• _What you have to do_
Required from the data below: the exact lines starting at the line containing "Отзыв пациентки ОН" and ending at the line containing "Die Jugendherberge hat", with both ends kept and all pictures dropped.

• _Data for processing_
--------------------

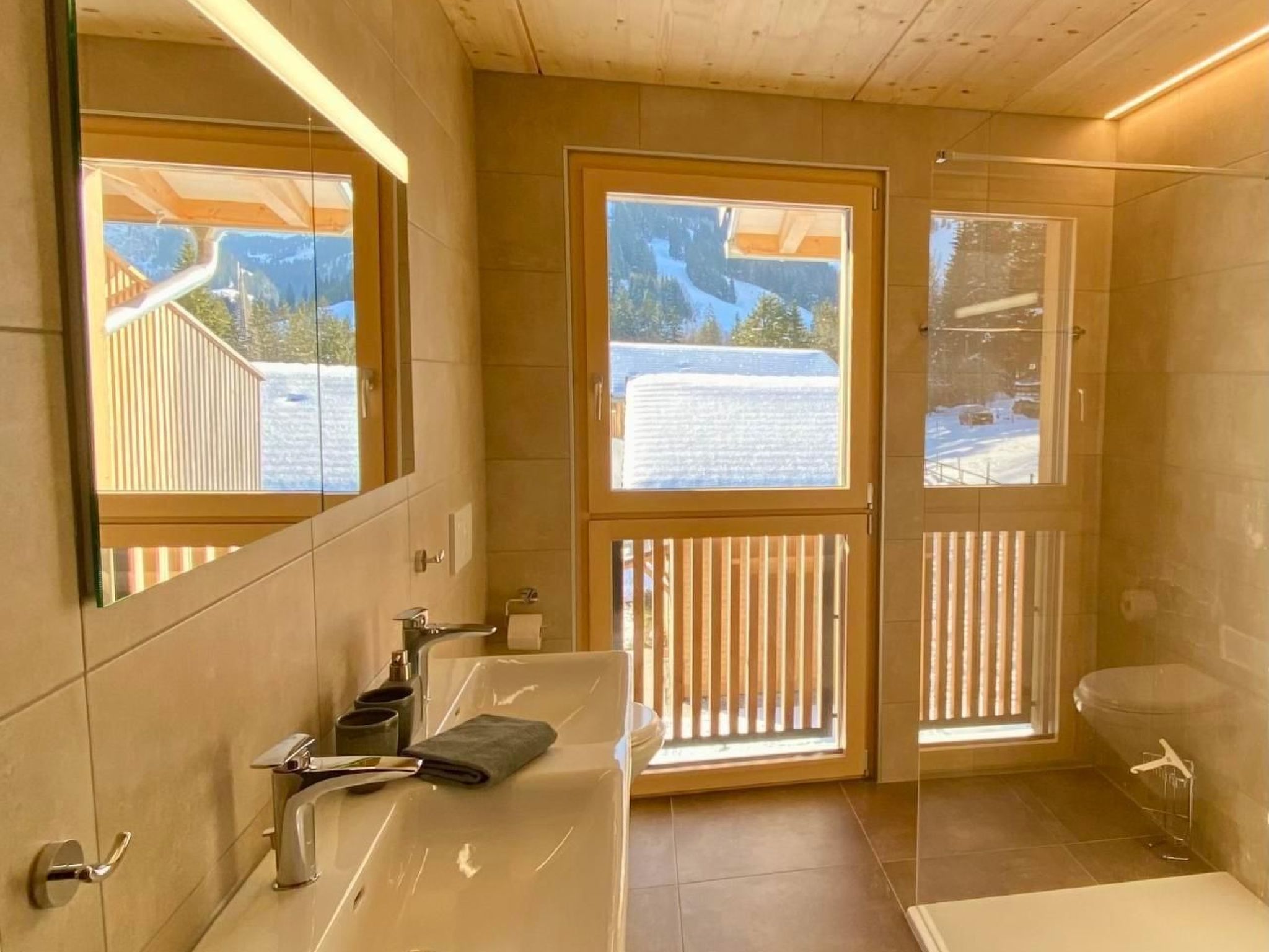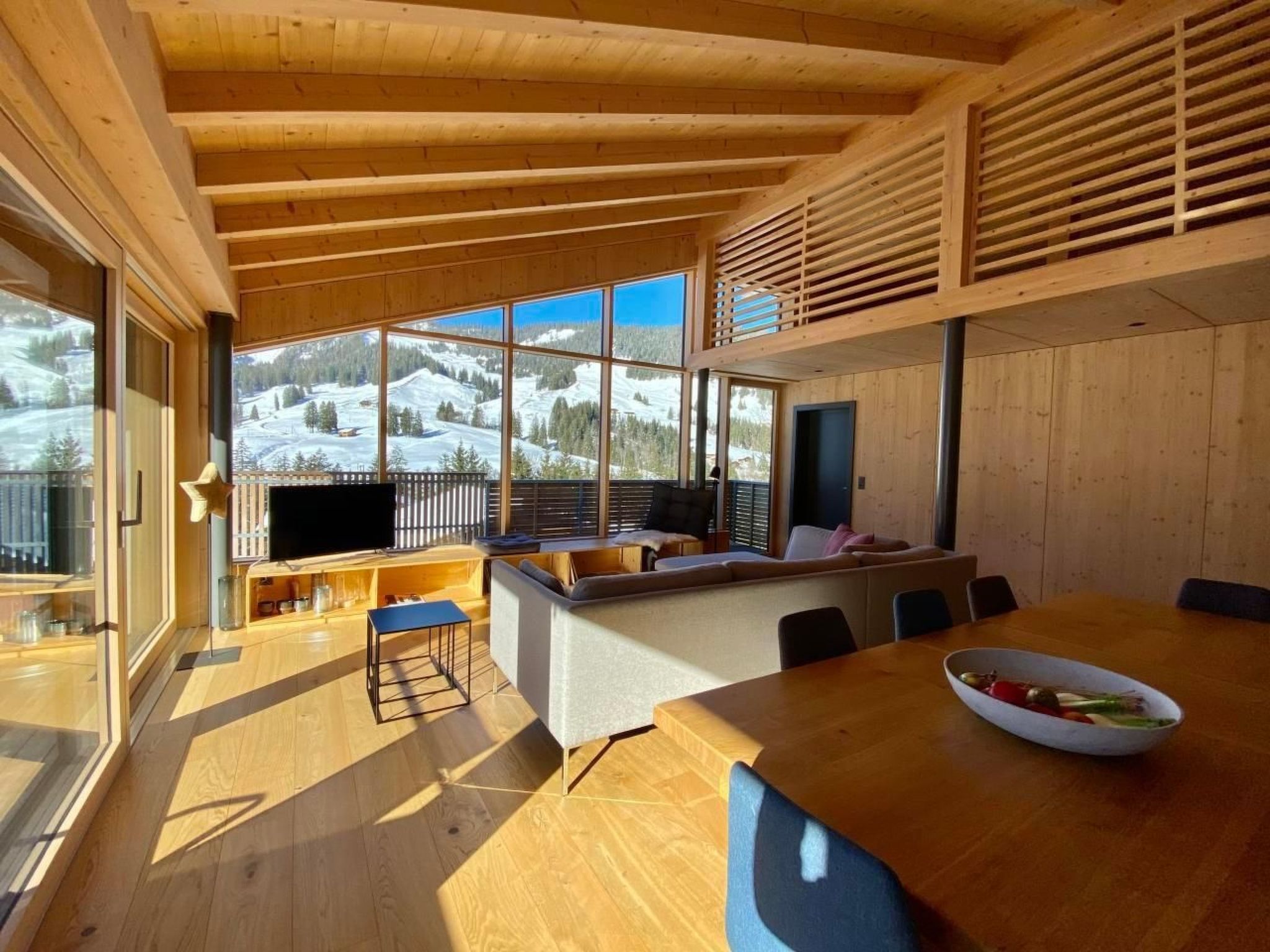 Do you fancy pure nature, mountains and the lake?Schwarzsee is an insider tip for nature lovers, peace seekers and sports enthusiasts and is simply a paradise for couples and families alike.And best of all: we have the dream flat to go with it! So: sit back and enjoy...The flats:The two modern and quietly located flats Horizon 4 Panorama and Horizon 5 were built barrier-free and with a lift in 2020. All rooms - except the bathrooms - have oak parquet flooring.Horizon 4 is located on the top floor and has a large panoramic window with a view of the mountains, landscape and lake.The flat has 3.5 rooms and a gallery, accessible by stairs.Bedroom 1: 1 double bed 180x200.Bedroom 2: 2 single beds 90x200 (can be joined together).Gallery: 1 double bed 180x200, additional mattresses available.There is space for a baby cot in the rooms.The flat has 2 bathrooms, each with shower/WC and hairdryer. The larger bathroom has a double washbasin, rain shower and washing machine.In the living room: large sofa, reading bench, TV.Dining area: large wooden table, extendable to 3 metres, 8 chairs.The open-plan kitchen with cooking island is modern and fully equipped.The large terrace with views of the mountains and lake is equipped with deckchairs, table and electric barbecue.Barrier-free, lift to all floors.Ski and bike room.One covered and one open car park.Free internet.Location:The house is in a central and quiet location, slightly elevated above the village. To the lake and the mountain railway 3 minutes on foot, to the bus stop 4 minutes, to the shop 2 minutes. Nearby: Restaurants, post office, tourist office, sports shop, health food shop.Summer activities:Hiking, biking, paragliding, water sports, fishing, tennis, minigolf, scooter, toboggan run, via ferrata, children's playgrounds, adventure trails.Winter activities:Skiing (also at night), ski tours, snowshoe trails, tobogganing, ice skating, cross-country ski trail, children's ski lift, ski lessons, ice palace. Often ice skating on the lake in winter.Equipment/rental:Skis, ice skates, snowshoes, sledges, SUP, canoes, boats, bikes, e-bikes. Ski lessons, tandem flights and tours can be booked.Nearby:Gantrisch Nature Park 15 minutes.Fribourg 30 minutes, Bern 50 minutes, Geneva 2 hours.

--------------------

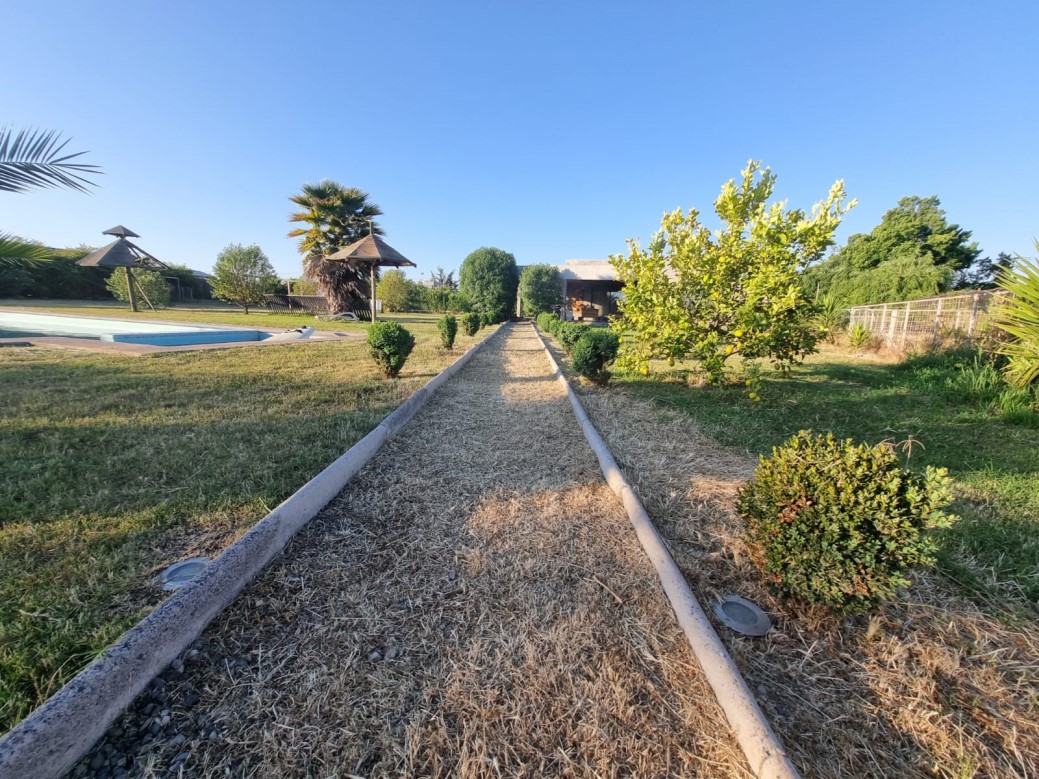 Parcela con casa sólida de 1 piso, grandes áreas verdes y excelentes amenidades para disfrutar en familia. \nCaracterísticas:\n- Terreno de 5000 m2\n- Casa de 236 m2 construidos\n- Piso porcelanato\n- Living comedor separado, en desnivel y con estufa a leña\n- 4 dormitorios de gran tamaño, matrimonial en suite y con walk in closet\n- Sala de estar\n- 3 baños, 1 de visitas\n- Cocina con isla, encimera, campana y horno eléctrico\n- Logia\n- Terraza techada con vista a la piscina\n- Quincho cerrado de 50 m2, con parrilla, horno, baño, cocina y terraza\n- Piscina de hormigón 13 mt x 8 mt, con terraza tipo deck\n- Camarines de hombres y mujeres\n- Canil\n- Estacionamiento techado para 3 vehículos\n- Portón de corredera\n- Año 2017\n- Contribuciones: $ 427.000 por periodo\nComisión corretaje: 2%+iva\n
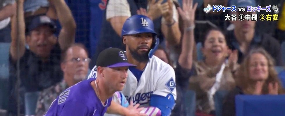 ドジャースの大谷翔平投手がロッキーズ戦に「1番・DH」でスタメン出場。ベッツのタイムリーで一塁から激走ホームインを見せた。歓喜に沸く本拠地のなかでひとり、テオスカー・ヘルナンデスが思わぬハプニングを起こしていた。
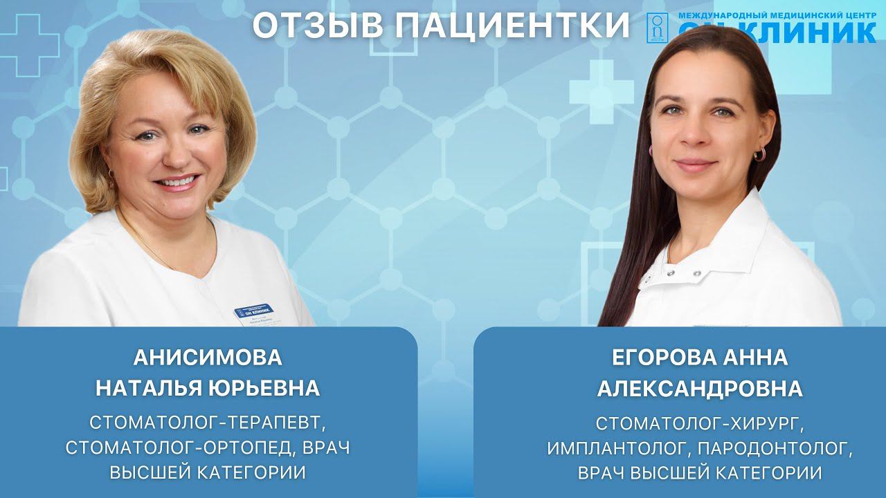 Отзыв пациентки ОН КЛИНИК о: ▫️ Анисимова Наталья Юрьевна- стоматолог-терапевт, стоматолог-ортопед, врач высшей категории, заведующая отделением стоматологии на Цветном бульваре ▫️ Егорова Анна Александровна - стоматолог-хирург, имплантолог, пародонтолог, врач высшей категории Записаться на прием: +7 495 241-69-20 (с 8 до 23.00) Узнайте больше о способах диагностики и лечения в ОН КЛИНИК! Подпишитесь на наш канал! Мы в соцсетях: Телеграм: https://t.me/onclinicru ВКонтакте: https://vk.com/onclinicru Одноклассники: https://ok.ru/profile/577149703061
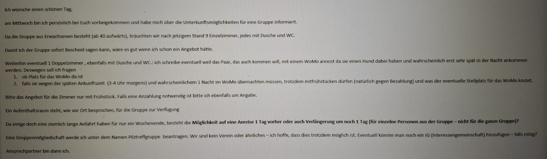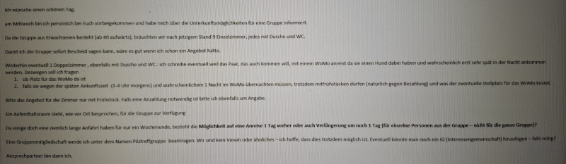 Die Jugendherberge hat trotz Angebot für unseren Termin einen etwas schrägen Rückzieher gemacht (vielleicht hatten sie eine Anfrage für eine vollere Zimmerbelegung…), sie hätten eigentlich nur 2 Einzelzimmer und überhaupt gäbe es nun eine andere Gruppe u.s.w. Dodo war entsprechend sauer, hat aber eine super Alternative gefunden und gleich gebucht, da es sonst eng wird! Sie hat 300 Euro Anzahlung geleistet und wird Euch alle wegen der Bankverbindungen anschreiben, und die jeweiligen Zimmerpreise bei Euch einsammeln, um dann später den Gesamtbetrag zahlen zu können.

--------------------

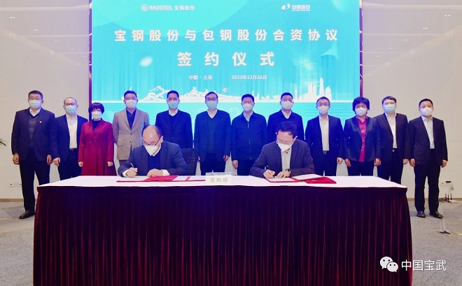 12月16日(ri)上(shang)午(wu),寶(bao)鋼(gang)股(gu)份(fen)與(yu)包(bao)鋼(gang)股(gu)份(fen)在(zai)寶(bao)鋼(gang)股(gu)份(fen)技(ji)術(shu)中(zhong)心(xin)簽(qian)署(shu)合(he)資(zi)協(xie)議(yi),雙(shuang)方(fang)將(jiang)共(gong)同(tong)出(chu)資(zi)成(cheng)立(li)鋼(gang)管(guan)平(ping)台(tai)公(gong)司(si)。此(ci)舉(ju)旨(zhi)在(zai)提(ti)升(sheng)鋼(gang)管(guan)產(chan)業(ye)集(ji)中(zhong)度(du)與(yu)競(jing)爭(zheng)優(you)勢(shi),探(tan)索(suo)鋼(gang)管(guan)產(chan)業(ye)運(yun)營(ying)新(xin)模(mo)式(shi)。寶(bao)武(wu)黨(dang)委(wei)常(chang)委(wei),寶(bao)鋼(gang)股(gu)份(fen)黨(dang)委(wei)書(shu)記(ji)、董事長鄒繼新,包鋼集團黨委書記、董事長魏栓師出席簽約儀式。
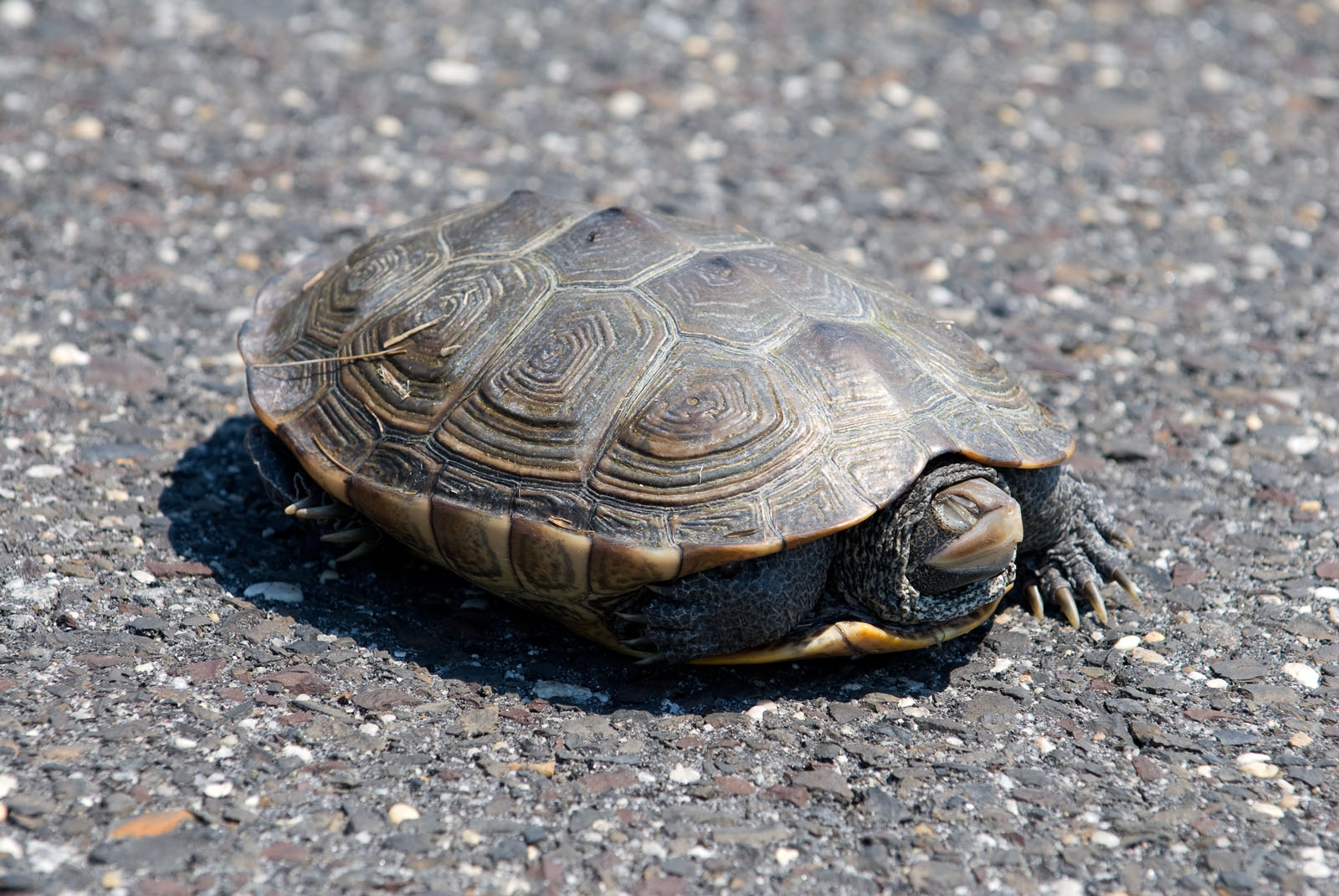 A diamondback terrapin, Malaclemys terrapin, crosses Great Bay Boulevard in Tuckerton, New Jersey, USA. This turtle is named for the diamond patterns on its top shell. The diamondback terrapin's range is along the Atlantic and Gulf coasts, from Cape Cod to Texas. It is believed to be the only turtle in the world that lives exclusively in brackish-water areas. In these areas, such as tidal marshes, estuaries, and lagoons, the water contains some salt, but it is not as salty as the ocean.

--------------------

• _Written solution_
 Отзыв пациентки ОН КЛИНИК о: ▫️ Анисимова Наталья Юрьевна- стоматолог-терапевт, стоматолог-ортопед, врач высшей категории, заведующая отделением стоматологии на Цветном бульваре ▫️ Егорова Анна Александровна - стоматолог-хирург, имплантолог, пародонтолог, врач высшей категории Записаться на прием: +7 495 241-69-20 (с 8 до 23.00) Узнайте больше о способах диагностики и лечения в ОН КЛИНИК! Подпишитесь на наш канал! Мы в соцсетях: Телеграм: https://t.me/onclinicru ВКонтакте: https://vk.com/onclinicru Одноклассники: https://ok.ru/profile/577149703061
 Die Jugendherberge hat trotz Angebot für unseren Termin einen etwas schrägen Rückzieher gemacht (vielleicht hatten sie eine Anfrage für eine vollere Zimmerbelegung…), sie hätten eigentlich nur 2 Einzelzimmer und überhaupt gäbe es nun eine andere Gruppe u.s.w. Dodo war entsprechend sauer, hat aber eine super Alternative gefunden und gleich gebucht, da es sonst eng wird! Sie hat 300 Euro Anzahlung geleistet und wird Euch alle wegen der Bankverbindungen anschreiben, und die jeweiligen Zimmerpreise bei Euch einsammeln, um dann später den Gesamtbetrag zahlen zu können.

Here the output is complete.